The Worst Boss in the World?

     ALBUQUERQUE (CN) – When a businessman bought his fourth hotel, in Taos, N.M. and renamed it the Whitten Inn, he brought racism and discrimination along with him, the EEOC claims in court.
     The Equal Employment Opportunity Commission sued four hotels Tuesday in Federal Court: Roark-Whitten Hospitality 2 LP dba Whitten Inn; Roark-Whitten Hospitality 3 LP dba Whitten Inn; Travelodge Ltd. dba Whitten Inn Expo; and Better Hotels, Ltd. dba Whitten Inn.
     The hotels are in Taos, two in Abilene, and one in Santee, S.C. The businesses themselves are the only defendants.
     The EEOC sued on behalf of at least eight employees or former employees, “and other aggrieved Hispanic and black employees.”
     Lawrence Whitten, who owns all four Whitten Inns, laid out rules that singled out employees by race, according to the EEOC:
     “[E]mployees were not allowed to speak Spanish in his presence.”
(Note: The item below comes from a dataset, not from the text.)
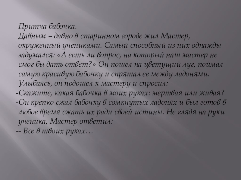 Это сайт презентаций, где можно хранить и обмениваться своими презентациями, докладами, проектами, шаблонами в формате PowerPoint с другими пользователями. Мы помогаем школьникам, студентам, учителям, преподавателям хранить и обмениваться учебными материалами.

     “Whitten told a manager at the Whitten Inn in Santee, South Carolina that he ‘would not tolerate Spanish at his property in Taos.'”
     “Whitten required all Hispanic employees at the Taos hotel to park on the far perimeter of the front parking lot. Whitten allowed the one Anglo housekeeper to park in a significantly closer and more convenient parking space at the back of the hotel.”
     A desk clerk was told “he could no longer work at the front desk because of his accent,” and was transferred to maintenance and housekeeping.
     “Whitten required Hispanic and Black employees at other locations to change or Anglicize their names, including … Rogelio to Roger; Helena to Lena; Eirineo to Eddie; Roberto to Robert; Emilio to Mike; Leticia to Tisha; Katina to Tina; Latoya to Toya; Andrea to Andi; and Jumeka to Meka.”
     “Whitten paid several Hispanic employees their final checks in the form of rolled pennies.”
     Whitten referred to employees as “Buckwheat”, “wetbacks”, “niggers” and other racial epithets.
     Employees were instructed on occasion not to rent rooms to black and Hispanic guests.
     All these tactics created a hostile work environment and were designed to force employees to quit, the EEOC says.
     The policy was effective, as within six weeks of Whitten-Roark taking over the hotel in Taos all but one of the Hispanic employees who had been present at the first meeting with the new owner had resigned.
     The EEOC seeks damages for racial discrimination and retaliation.